Il cibo quindi influenza l’umore anche attraverso la modulazione del microbiota intestinale: diversi studi hanno evidenziato che alcune specie di batteri presenti nell’intestino sono stati collegati a tassi più elevati di depressione. Di fatto, circa il 20% di tutto ciò che mangiamo va al cervello.

Comfort food
In caso di tristezza, ansia e malumore, comunemente si è portati a consumare comfort food come dolci, gelati o snack salati. Ma in realtà questi cibi non sarebbero un’ottima combinazione per il nostro corpo, ma sono iperappetitosi e superstuzzicanti e quindi ci fanno sentire temporaneamente meglio ma l’appagamento dura per poco.

Alimentazione sana
Sebbene sia evidente che uno stato di benessere derivi ovviamente da tanti fattori, è indubbio che mangiare alimenti ricchi di prodotti vegetali (verdure, soprattutto quelle a foglia verde e frutta), cereali integrali ​​e grassi omega-3, portano ad una migliore salute mentale.

Frutta e verdura colorata
Più colorato è il piatto, migliore è il cibo per il nostro cervello. Gli studi suggeriscono che i composti di frutta e verdura dai colori vivaci come peperoni rossi, mirtilli, broccoli e melanzane possono influenzare l’infiammazione, la memoria, il sonno e l’umore.

Semi oleosi e frutta a guscio: noci, semi di lino, chia, zucca, sono ricchi di micronutrienti utili al cervello e al buon umore, come zinco, magnesio e acidi grassi polinsaturi.

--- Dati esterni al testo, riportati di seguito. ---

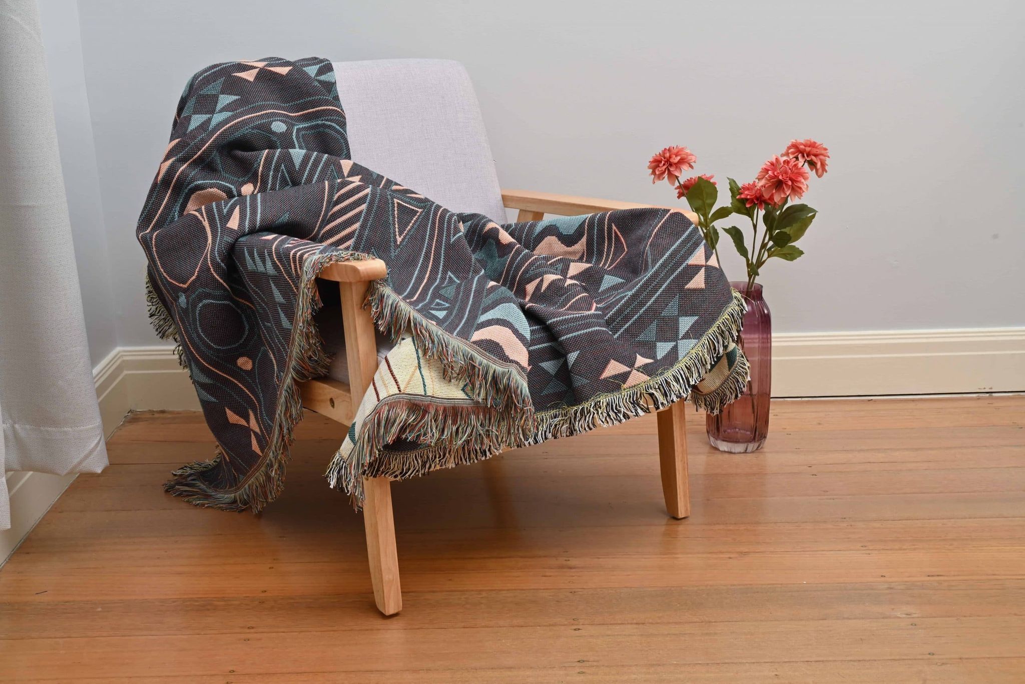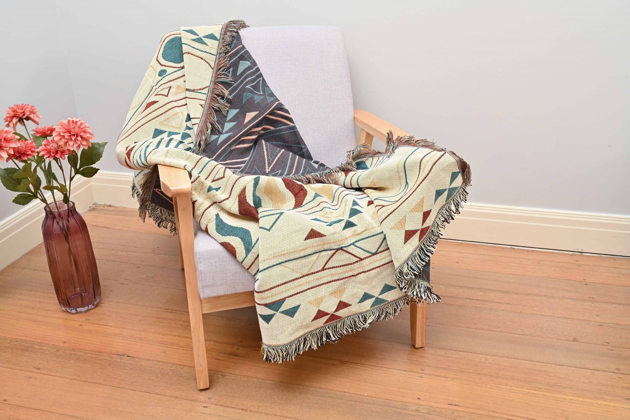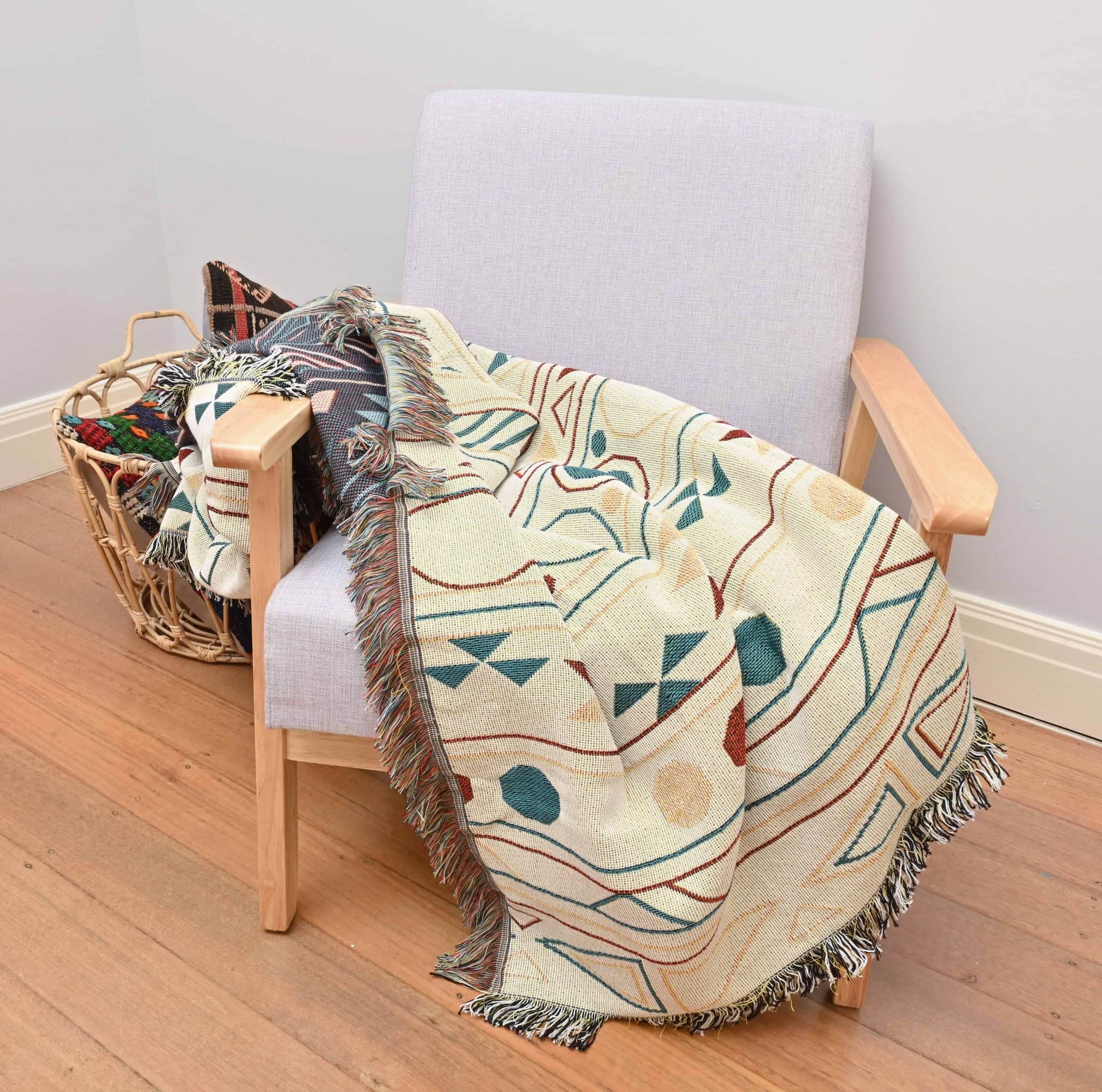 Our geometric patterned throw is reversible to switch it up with your mood!
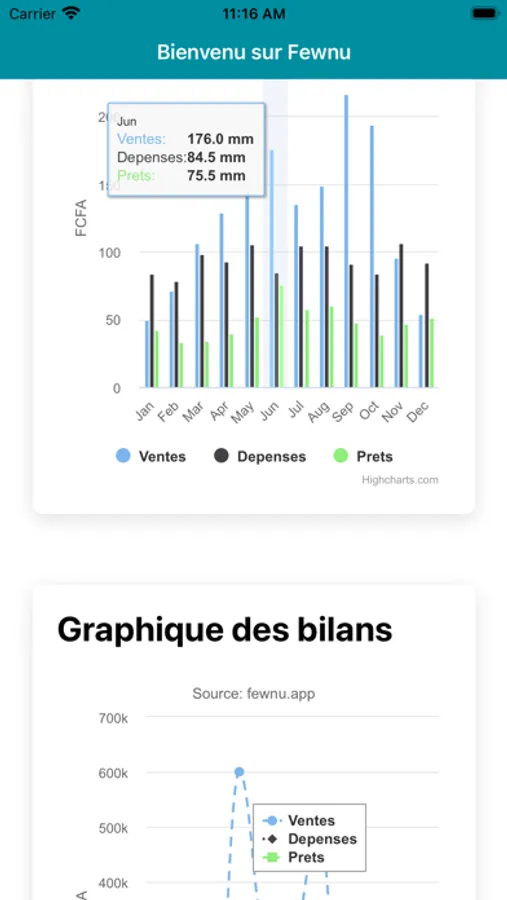 Avec sa simplicité, Fewnu vous offre des interfaces conviviales où vous pouvez enregistrer vos ventes, dépenses et prêts.
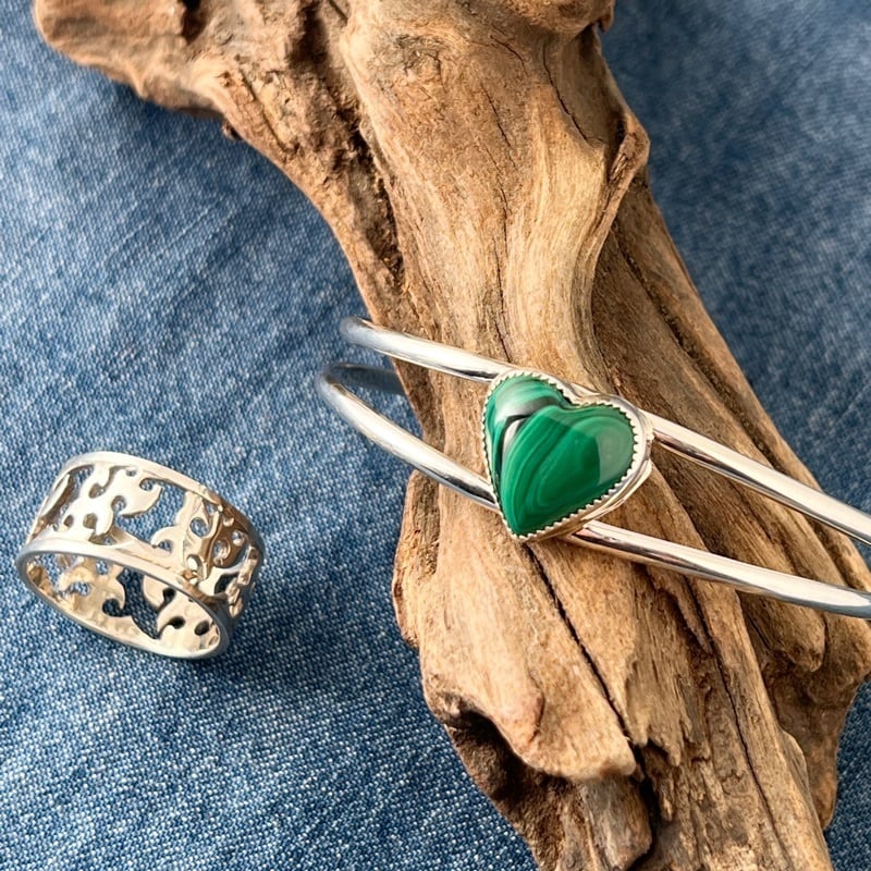 《Indian Jewelry 》ハート マラカイト グリーン バングル
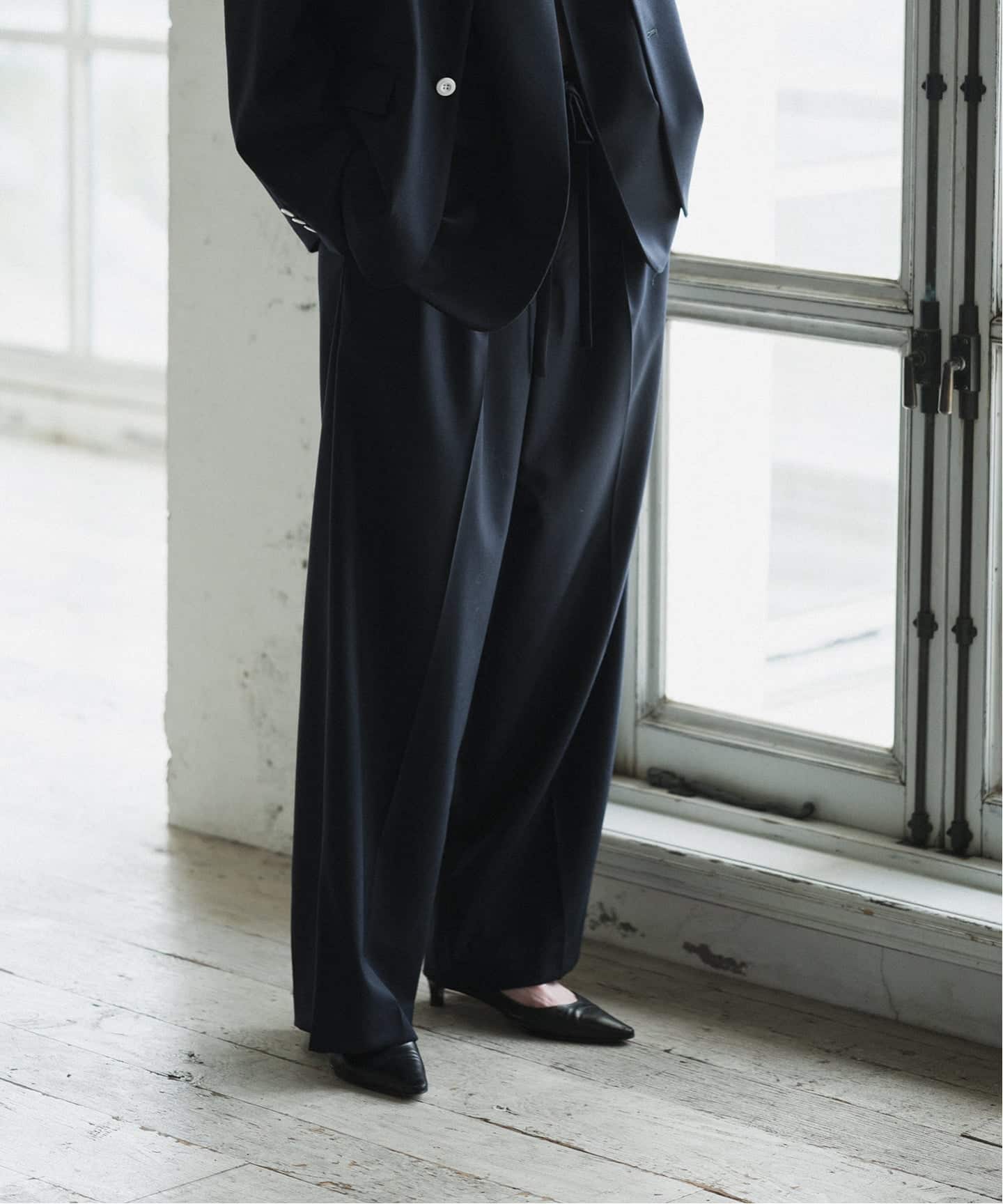 ・タックを入れたデザインが立体感を生み、ワイドシルエットながらスッキリ見える仕上がり
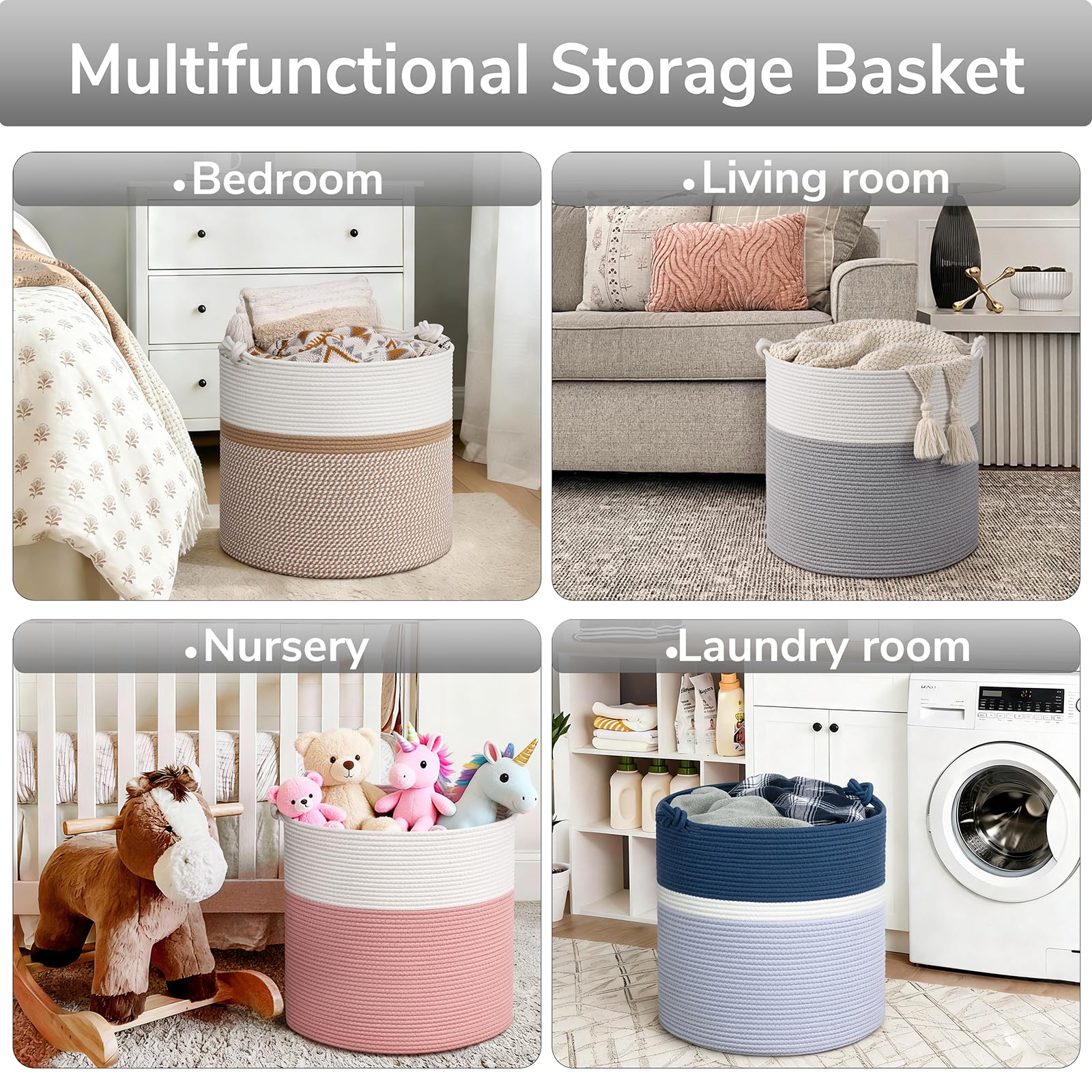 Nursery Storage Basket. This toy storage basket has a large size of 17 inches x 16 inches, which can store more toys for nursery and playroom. Meanwhile, this cotton rope basket can also be used to store household blankets, pillows, clothes, daily necessities in the living room. A multifunctional basket that helps keep your home tidy and solves storage issues.

Pesce: è ricco di acidi grassi omega-3 che hanno proprietà antinfiammatorie. Il pesce è anche una buona fonte di proteine, importanti bacini da cui attingere tirosina e triptofano, precursori della serotonina.

Spezie ed erbe aromatiche
Cucinare con le spezie non solo migliora il sapore del cibo, ma gli studi suggeriscono che alcune spezie riducono l’infiammazione e migliorano persino la memoria. La curcuma, ad esempio, grazie al suo principio attivo può avere benefici sia per l’attenzione che per la cognizione generale e l’aggiunta di un po’ di pepe aumenta la sua biodisponibilità per il nostro cervello e il nostro corpo. Altre spezie che possono favorire la salute del cervello sono la cannella, il rosmarino, la salvia, lo zafferano e lo zenzero.

Gli alimenti fermentati
Includono yogurt, kefir, verdure fermentate, kombucha (una bevanda fermentata a base di tè), kimchi, un contorno tradizionale coreano di cavolo fermentato e ravanello, e tutti agiscono sull’umore, grazie ancora una volta alla modulazione del microbiota intetsinale.

Cioccolato fondente
Meglio evitare il consumo regolare di dolci e zuccheri e optare per il cioccolato fondente in piccole quantità e di buona qualità. Secondo un ampio studio condotto su 14.000 persone, chi mangia regolarmente cioccolato fondente ha un rischio ridotto del 70% di sintomi di depressione. Lo stesso effetto non è stato riscontrato in coloro che avevano mangiato molto cioccolato al latte. Il cioccolato fondente, infatti è ricco di flavonoli, tra cui l’epicatechina, che agisce sull’umore; l’importante è comunque non esagerare.